Николай чувствовал какую-то симпатию к народу, но в то же самое время сознавал, что он ему чужой и что всем этим мужикам нет до него никакого дела. Теоретически он, пожалуй, и любил народ, но все эти грубые лица, этот запах земли, навоза и пота были чужды ему, даже неприятны… Он понимал, что заговори он теперь с мужиками, – и он будет им непонятен… Целая пропасть лежала между ними… А между тем Лаврентьев говорил и говорил совсем понятно… Его слушали со вниманием и объясняли ему, как и почему это случилось, что пристава уехали и «Потапку маленечко помяли».
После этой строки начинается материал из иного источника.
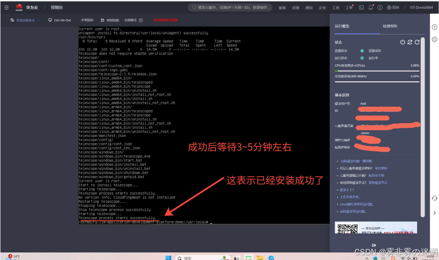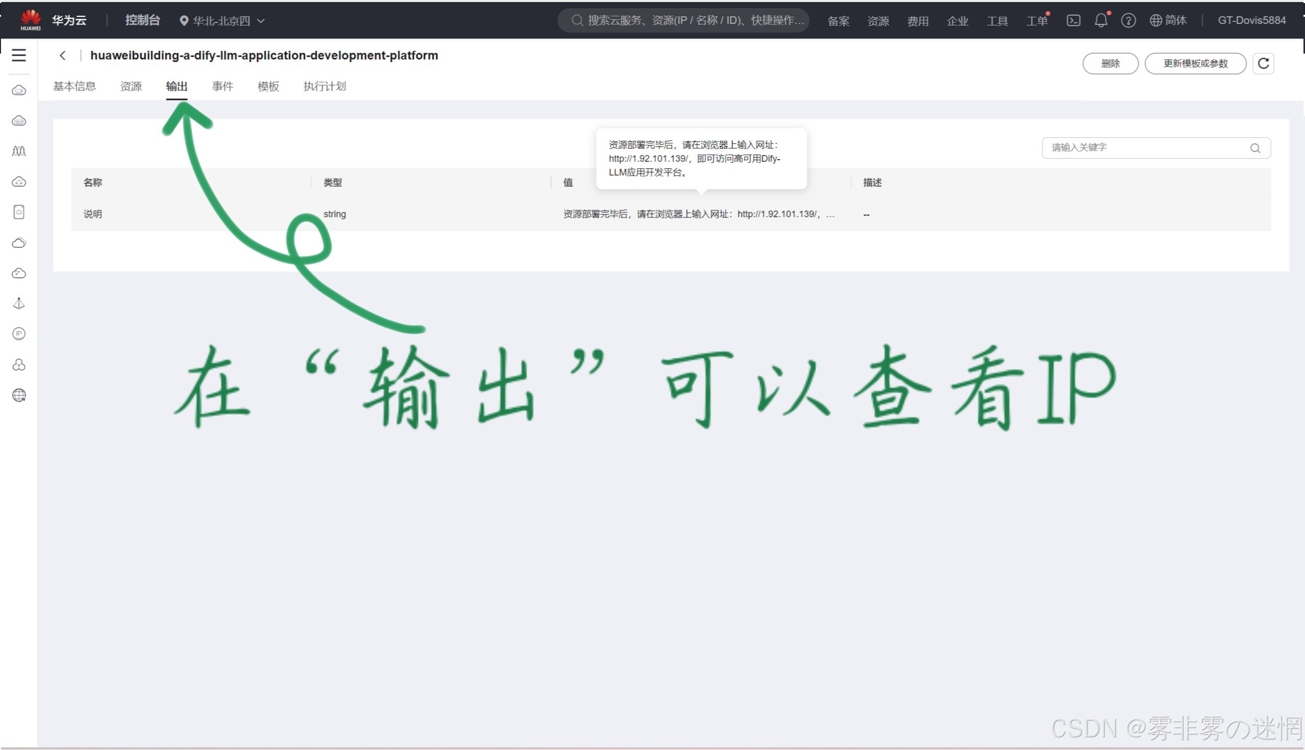 (7)这个过程大概需要20分钟左右,之后点击输出查看公网IP
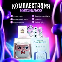 Комплектация включает в себя: цифровую фотокамеру, милый силиконовый ободок-ушки, который светится разными цветами при включении, 3 рулона термобумаги, ремешок для удобного ношения, зарядный кабель Type-С, инструкцию и коробочку.
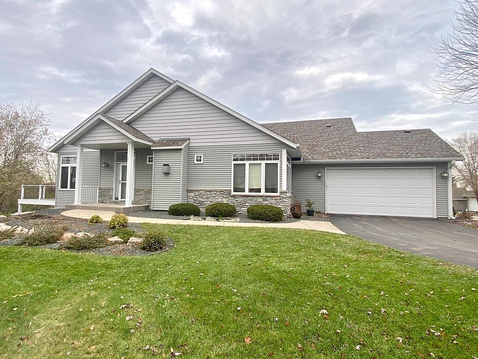 This stunning, south facing end unit is open, sunny and bright. Vaulted and dramatic, with pillars and gas fireplace, this open design is very appealing! Counter height breakfast bar is a great gathering place, or a spot for a quick bite. Nearby laundry and half bath off the garage entry. Plenty of space for a formal dining set, the great room concept

Ветхий старик с большой седой бородой, высокий и худой, с длинной багровой шеей, на которой дрожали синие жилы, с лицом фанатика аскета, опершись на палку, внимательно прислушивался к восклицаниям жалобы, отчаяния и недоумения, вырывавшимся односложными, короткими обрывками из толпы, и, показалось Николаю, великой скорбью запечатлено было лицо старика…

Когда старик начал говорить, толпа затихла. Видно было, что этот старик пользовался большим уважением, односельцев.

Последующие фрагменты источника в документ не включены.